Domestic violence and digital technology, youth peace advocacy, sustainable building designs, and reducing death or serious injury caused by drivers using smartphones are some QUT projects awarded funding today by the federal government.
Seven QUT researchers are to receive a combined total of almost $2.92 Million as recipients of the 2020 Australian Research Council (ARC) Discovery Early Career Researcher Award.
Member for Brisbane Trevor Evans congratulated the QUT researchers.
“One of the projects will investigate how to reduce road accidents caused when people are distracted by their mobile phone,” Mr Evans said.
“Another will research how authorities have responded to the rise of technology-enabled domestic violence and what policies and practices are needed to combat it. These are world-leading research projects addressing practical and important issues that will make a real difference to Australians.”
The researchers are:
Dr Oscar Oviedo Trespalacios, QUT’s Centre for Accident Research and Road Safety (CARRS-Q) - $426,241
Current road safety policies based on stopping the use of smartphones while driving have shown little success. The project aims to develop safe engagement in competing tasks while driving non-automated and semi-automated vehicles.
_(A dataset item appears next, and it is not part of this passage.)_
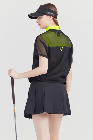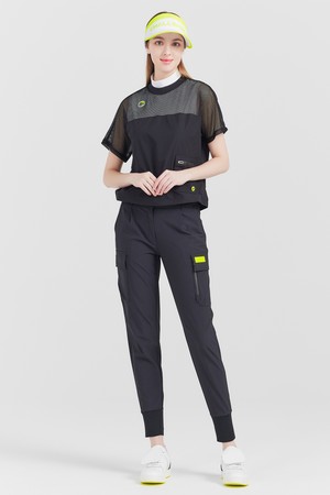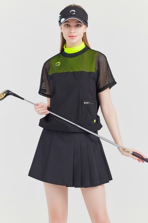 상단 저지메쉬 라운드넥 여성 골프 반팔티셔츠 블랙

The outcomes will underpin the development of new technologies to reduce the potential adverse effects of these distractions and reduce deaths and serious injuries, representing significant cost savings to the health system and the community.
Dr Helen Berents, Faculty of Law, School of Justice - $397,774
An investigation of the roles youth play in building inclusive and durable peace at local and international levels - one of the first detailed studies of youth-led peacebuilding in three post-conflict contexts in order to generate new insights into best practice for including youth in peace and security policies. The project seeks to strengthen Australia’s leadership in peacebuilding initiatives and enhance policy efforts towards regional and global security and prosperity.
Dr Bridget Harris, Faculty of Law, School of Justice - $405,325
Digital technology is increasingly being used to enact and escalate abuse and stalking. Technology-facilitated domestic violence threatens psychological, emotional and physical wellbeing and safety, and signifies risk of homicide. Dr Harris seeks to assess existing state responses to and regulation of such harms; then provide an evidence base to enhance and develop innovative policing and judicial policy and practice, with benefits to communities and economies.
Dr Xi Chen, School of Chemistry, Physics and Mechanical Engineering - $424,398
The research will couple the building integrated renewable application with traditional architectural passive design strategies. A new indoor environment quality index will be proposed as an objective function to be optimized together with the net building energy consumption. Research findings will serve as significant guidance to effectively promote the application of the passive design in green building projects.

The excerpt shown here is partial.